Disobedients would still be arrested and prosecuted, but they would get to explain and defend
their actions in court. They would be heard.

5. Conclusion
There have been shifts in the paradigm forms and goals of civil disobedience over the past
century, from the suffragettes’ militant activism in pursuit of their basic rights of citizenship to
the youth climate movement’s school walkouts and mass demonstrations to demand
governments take urgent action to combat the climate crisis. Even so, civil disobedience remains
an enduring, vibrant part of political activism and, increasingly, benefits from transnational
alliances.

Theorists have long assumed that civil disobedience only begs justification in liberal, democratic
societies – the best real-world candidates for legitimate states. However, civil disobedience also
raises questions in undemocratic and illegitimate contexts, regarding its overall role, strategic
value, and tactical efficacy. For instance, disobedient protests in support of democracy in Hong
Kong may not be presumptively impermissible given China’s authoritarian rule. Yet they still
beg significant questions concerning the proper contours of extra-institutional dissident politics
and the justification of uncivil and forceful tactics in repressive contexts, including violence
against police and the destruction of pro-China shops and Chinese banks.

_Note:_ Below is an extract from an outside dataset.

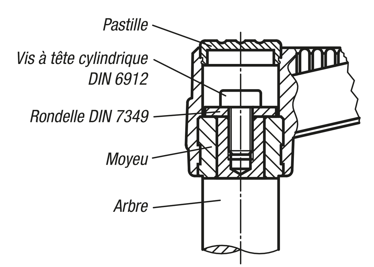 Le cache du moyeu est livré non monté. Les manivelles se fixent suivant le sens axial sur l’arbre soit à l’aide d’une goupille transversale, soit à l’aide d’une vis à tête cylindrique DIN 6912 et d’une rondelle DIN 7349.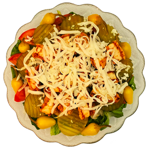 Enjoy our delicious Large Cheese Pizza with your choice of two toppings, perfectly baked to cheesy perfection. Pair it with either a side of crispy hot wings for a spicy kick or a fresh, crisp salad for a lighter option. A perfect meal for any occasion!

Finally, whereas theorists have tended to think of civil disobedience as generally undertaken to
achieve worthy public goals, liberal democratic states have recently witnessed much
disobedience in pursuit of anti-democratic and illiberal goals, including conscientious refusal to
abide by antidiscrimination statutes and violations of, and protests against, laws requiring the
provision of reproductive services and the public health measures enacted to slow the spread of
the coronavirus. We may need a different lens than liberal and democratic theorists have offered
to evaluate the full range of conservative social movements, counter-movements, and reactionary
movements which resort to civil (and other forms of) disobedience.